8. Dig for information to enable proper analysis and informed decision making. Never be hasty. Don’t settle for insufficient data. Lisa Helps, mayor of Victoria, British Columbia, thinks people often leap to premature conclusions after reading “three things on Facebook.” She faces each situation ready to take in meaningful information.
9. Maintain your focus. Don’t succumb to time-wasting distractions.
10.As an open thinker, include time to dream, decide and do every day.

Agility and Flexibility
Open thinkers stay flexible and adaptable. Dion Hinchcliffe, chief strategy officer at 7Summits – an online solutions provider – says to try new ideas if old ones don’t work.
He developed a five-step system for flexible problem solving:
1. Develop an idea or solution.
2. Try your idea. Experiment. If you fail, fail quickly.
3. Make the most refined decision possible. Continue to problem solve.
4. If you can’t find a solution, put the current problem on the shelf. Focus on a new problem and try to solve it instead.
5. Maintaining a cycle fuels flexibility. Be ready to return to the original problem. This process educates you continually.

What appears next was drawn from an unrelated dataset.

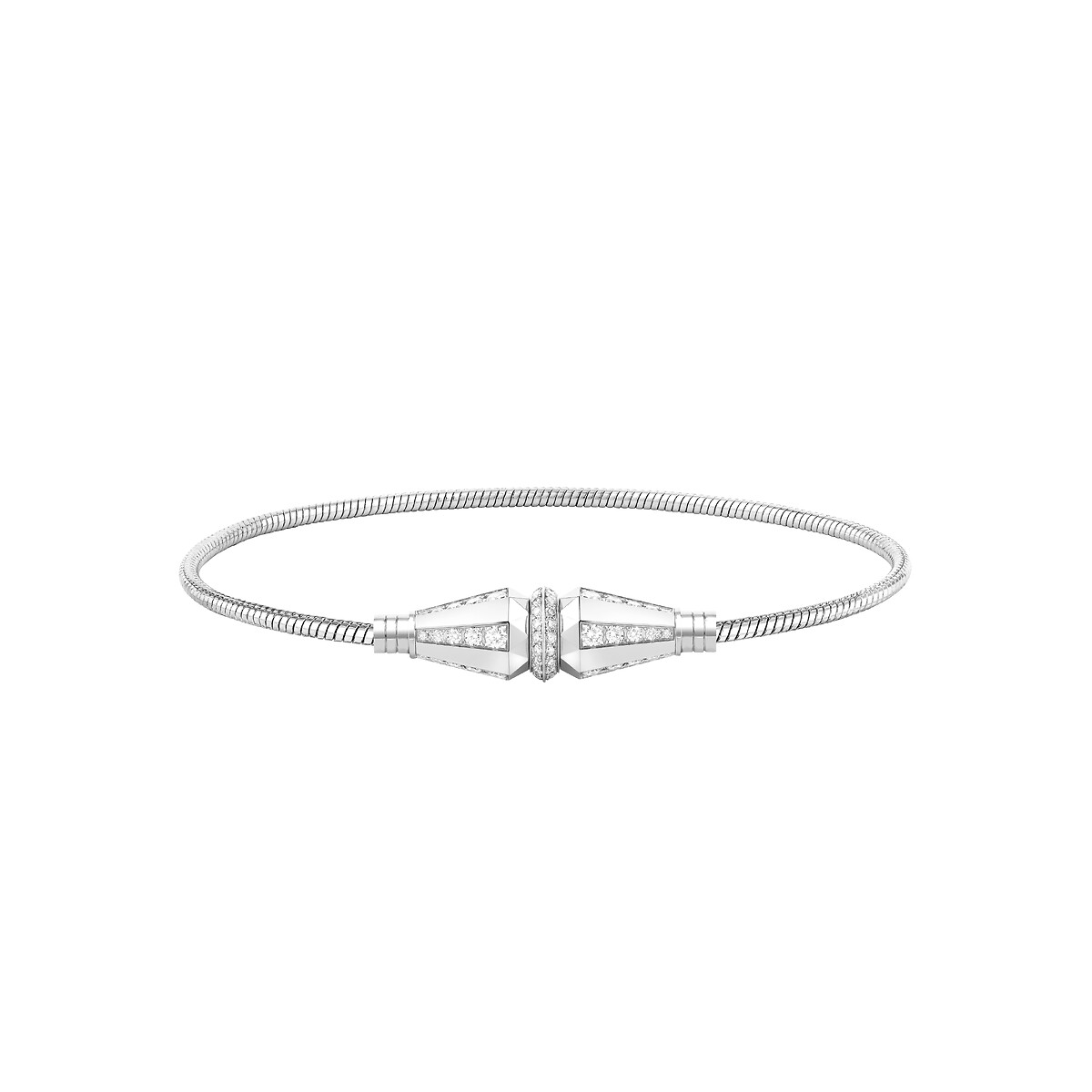 2019年,Jack de Boucheron系列焕新演绎珠宝佩戴方式,将非凡创意融汇于别致珠宝作品之中。它既不同于传统手链,亦有别于普通项链,其极具几何美感的隐藏搭扣从电线插孔中汲取灵感,低调雅致。

John Dalla Costa, founder of Toronto’s Centre for Ethical Orientation, says open thinkers have three traits:
1. “Courage” – Open thinkers connect with new ideas, even if those ideas run counter to their current worldview.

2. “Responsibility” – Open thinkers accept new, verifiable information and welcome new data that move them closer to an ultimate truth.

3. “Fairness” – Open thinkers know investigation and experimentation often involve mistakes, which can be the greatest teachers of all.